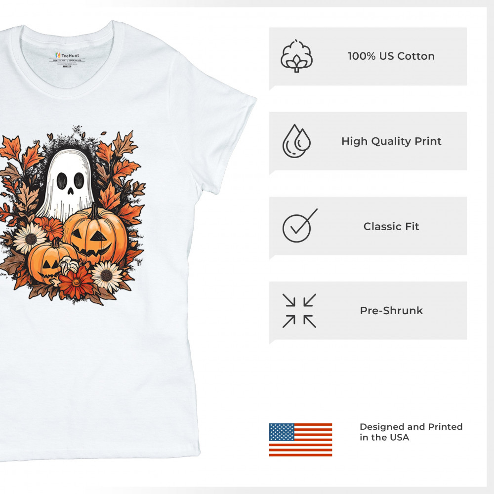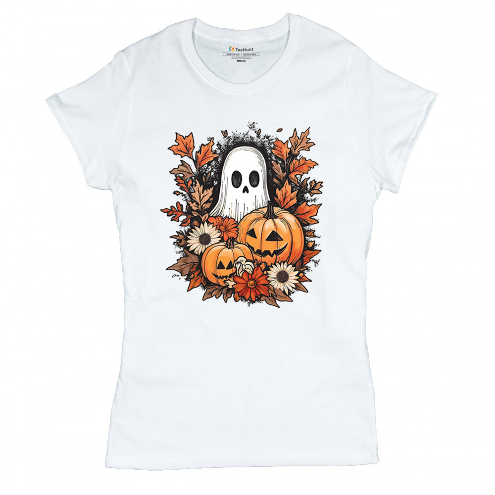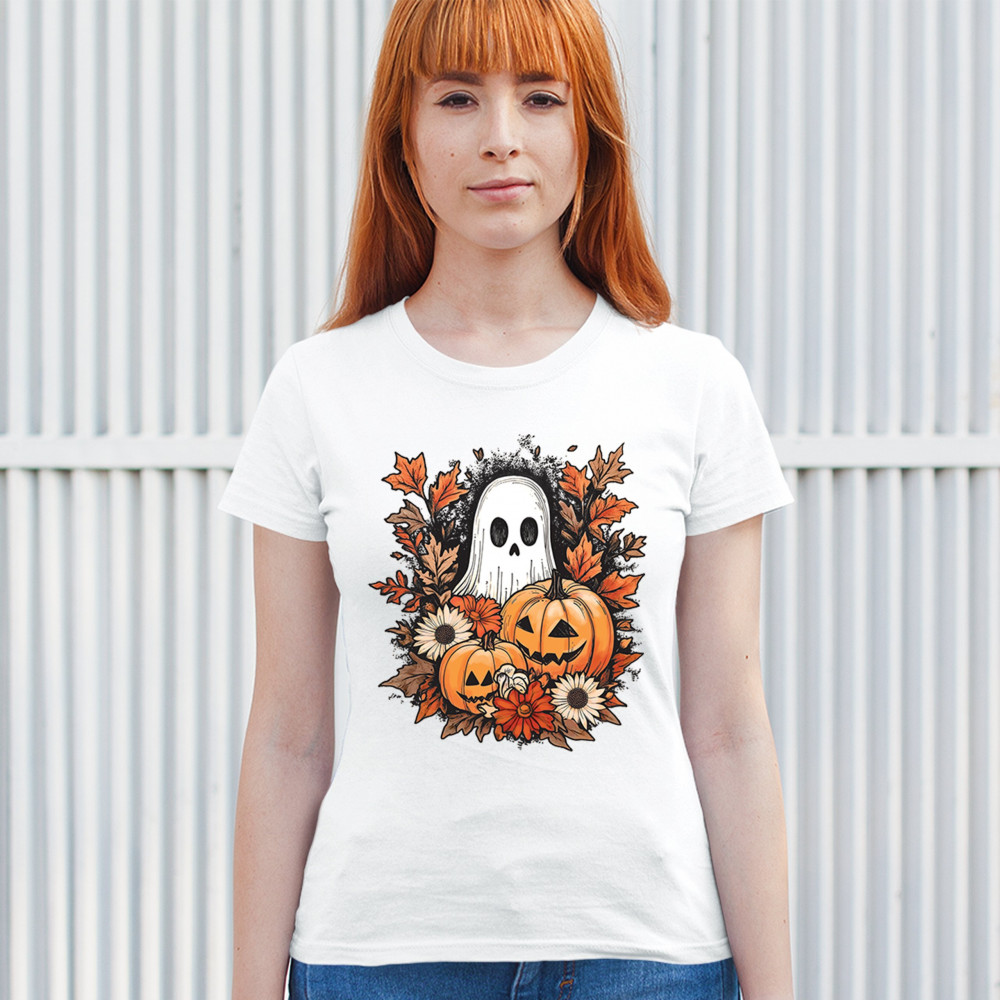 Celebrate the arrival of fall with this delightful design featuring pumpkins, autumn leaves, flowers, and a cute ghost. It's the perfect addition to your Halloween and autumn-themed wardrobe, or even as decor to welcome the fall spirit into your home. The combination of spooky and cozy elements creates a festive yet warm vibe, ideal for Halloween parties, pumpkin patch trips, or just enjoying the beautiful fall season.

--

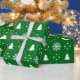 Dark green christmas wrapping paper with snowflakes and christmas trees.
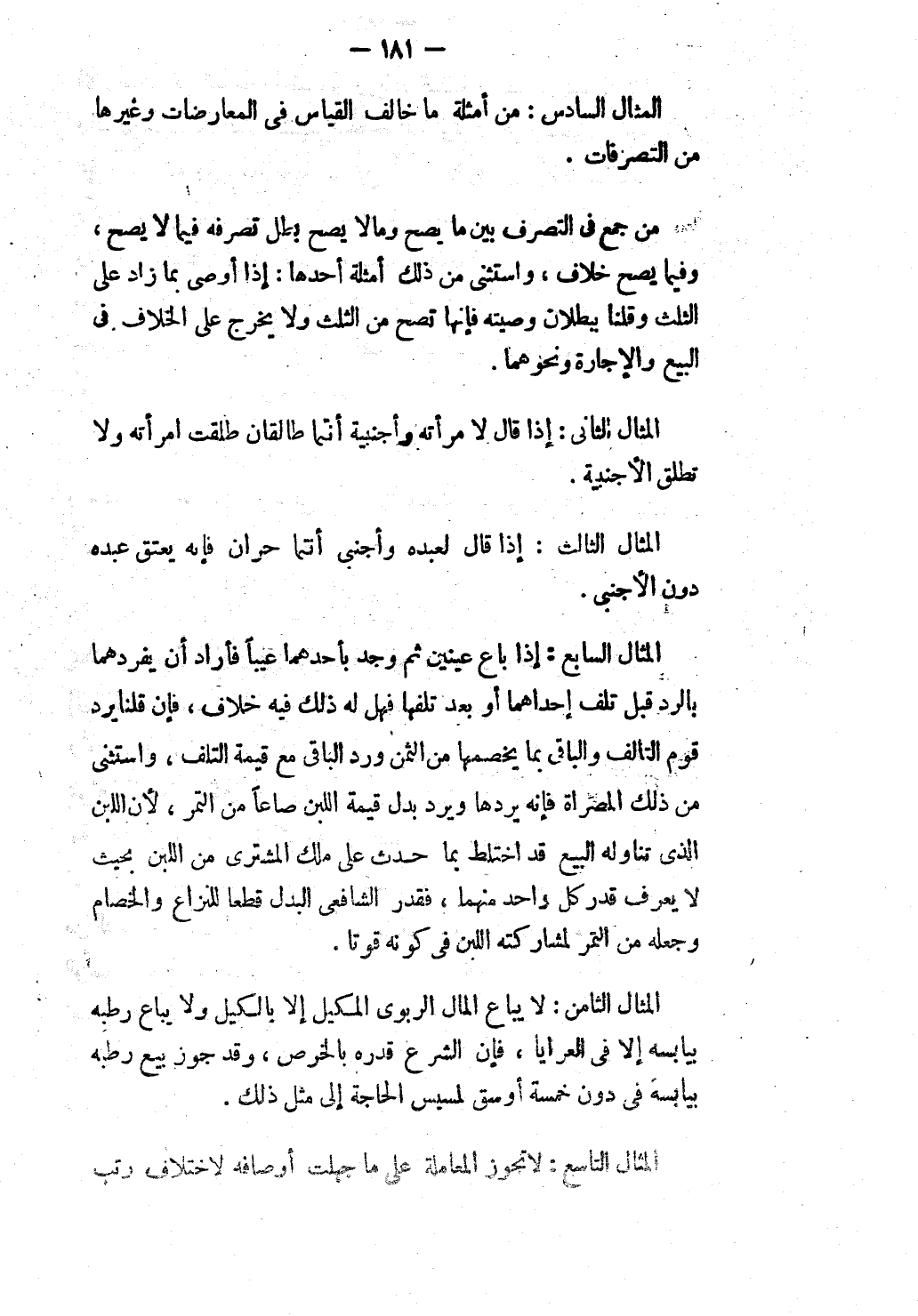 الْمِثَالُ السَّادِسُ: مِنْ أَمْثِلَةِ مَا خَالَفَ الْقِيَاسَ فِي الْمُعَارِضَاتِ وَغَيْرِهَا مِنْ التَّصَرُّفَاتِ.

* * *

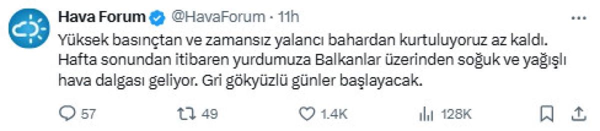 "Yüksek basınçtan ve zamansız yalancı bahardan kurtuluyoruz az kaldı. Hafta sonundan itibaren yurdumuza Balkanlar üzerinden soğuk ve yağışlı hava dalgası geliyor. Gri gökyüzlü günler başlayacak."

• [Brief]: Once the line with "Dark green christmas" is found above, transcribe each line from it through the line with "الْمِثَالُ السَّادِسُ: مِنْ", exactly, and omit the pictures.

• [Answer space]:
 Dark green christmas wrapping paper with snowflakes and christmas trees.
 الْمِثَالُ السَّادِسُ: مِنْ أَمْثِلَةِ مَا خَالَفَ الْقِيَاسَ فِي الْمُعَارِضَاتِ وَغَيْرِهَا مِنْ التَّصَرُّفَاتِ.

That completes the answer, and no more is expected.